Nous sommes définitivement abonnés au tuk-tuk. Il nous promène dans la campagne au milieu des rizières où poussent palmiers et cocotiers. On fait du sucre avec les uns et la noix de coco se retrouve un peu partout dans notre alimentation, fraîche avec une paille, râpée, transformée en lait pour soupes ou desserts.


Quant au riz il est servi d'office avec tous les plats. Le thé vert est gratuit lorsqu'il est chaud à la théière. Nous nous plions à la coutume des étrangers qui ne boivent que de l'eau minérale et s'interdisent les glaçons. La petite bouteille ne coûte que 500 riels, soit 10 centimes. On en trouve souvent deux offertes dans les chambres d'hôtel. Il arrive que l'on se fasse racketter, mais comment le reprocher aux autochtones dont l'extrême pauvreté tranche avec notre pouvoir d'achat ?


La première halte n'est pas des plus réjouissantes, mais elle garantit au peuple cambodgien de ne pas oublier la sinistre époque des Khmers rouges qui assassinèrent 1,7 million d'individus, 20% de la population, de manières expéditives et plus brutales les unes que les autres. Sur cette colline de Phnom Sampeau on poussait les condamnés dans le vide jusqu'au bas de la grotte : 10 000 morts. Il suffisait de porter des lunettes ou de parler une langue étrangère pour être considéré comme un intellectuel, donc un ennemi de la révolution, et être immédiatement exécuté. Comment comprendre cette boucherie perpétuée souvent par des jeunes paysans, garçons et filles, illettrés, mais sous les ordres d'hommes ayant fait leurs universités à la Sorbonne ? On raconte que la CIA aurait conseillé aux fonctionnaires de rejoindre les Khmers rouges pour infiltrer le mouvement maoïste. La paranoïa aurait condamné illico l'intégralité des fonctionnaires, et à leur suite les enseignants, les médecins, etc.

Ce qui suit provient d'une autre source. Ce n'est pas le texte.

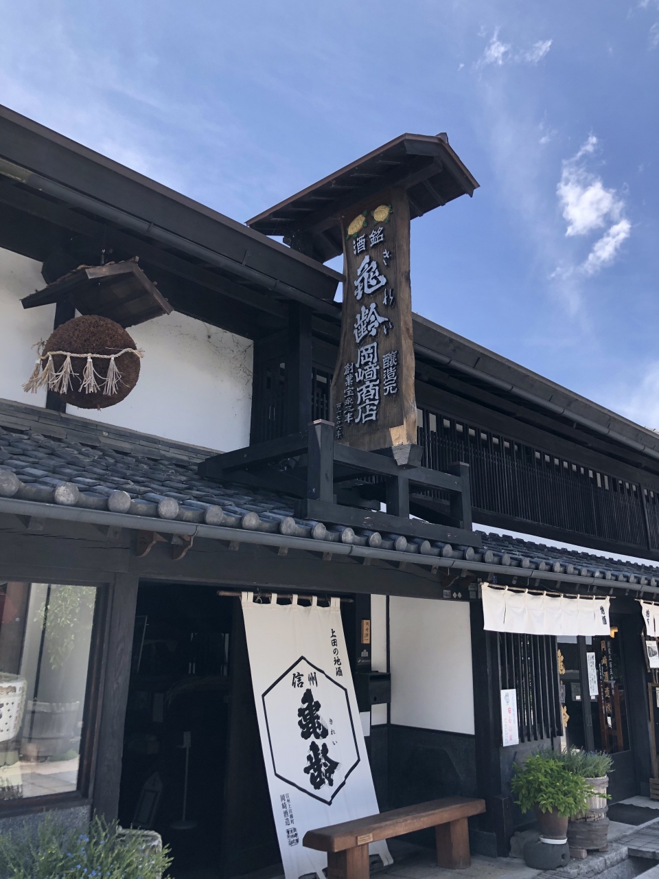 旧北国街道の柳町にある酒造です。江戸時代から続く酒造で、創業は350年以上にもなるそうです。建物も伝統的なもので、柳町の見どころになっている古い建築様式の特徴が見られました。軒先につり下げられている杉玉にも、酒造らしい情緒を感じます。

Mais l'explication est évidemment beaucoup plus complexe. Il faut remonter loin dans l'histoire du peuple khmer, se rappeler la colonisation de l'Indochine par la France, la guerre du Vietnam qui généra autant de bombes sur le Cambodge et des plus sales (le mélange bombes lacrymogènes + napalm = bombes au cyanure, information non officielle qui sortira un de ces jours quand les USA seront accusés de crime contre l'humanité), l'autodestruction des Khmers rouges, les Casques bleus de l'ONU transformant le pays en un immense bordel pour arriver à la corruption de nombreux dirigeants (collusion avec la police et la mafia), la mise à sac du pays (dilapidation des bois précieux, minerais, pêche, etc., vendus à l'étranger)... À part le tourisme et l'industrie textile le Cambodge ne vit que de l'assistanat de pays étrangers. Nombreuses ONG font leur beurre sur le dos de la misère, tout le monde le sait. Il faudrait plus d'un article pour tenter de comprendre la boucherie des années 70 qui rappelle furieusement le délire des gardes rouges que le gouvernement chinois finira par zigouiller après les avoir créés. Octroyer le pouvoir de vie et de mort à des jeunes gens illettrés a déjà fait ses preuves dans l'Histoire.
L'un de nos conducteurs de tuk-tuk raconte qu'il avait trois ans lorsque ses parents, instituteurs, ont été assassinés sous ses yeux. Enfermé avec soixante autres gamins, sans boire ni manger, qui mouraient au fur et à mesure, il fut l'un des trois rescapés et fut ensuite adopté. On se souvient de la vague d'adoption qui avait atteint alors l'occident...


La suite de la visite est moins glauque. Françoise filme les petits singes qui gardent le temple bouddhiste. Le style est toujours très indien, kitsch à souhait.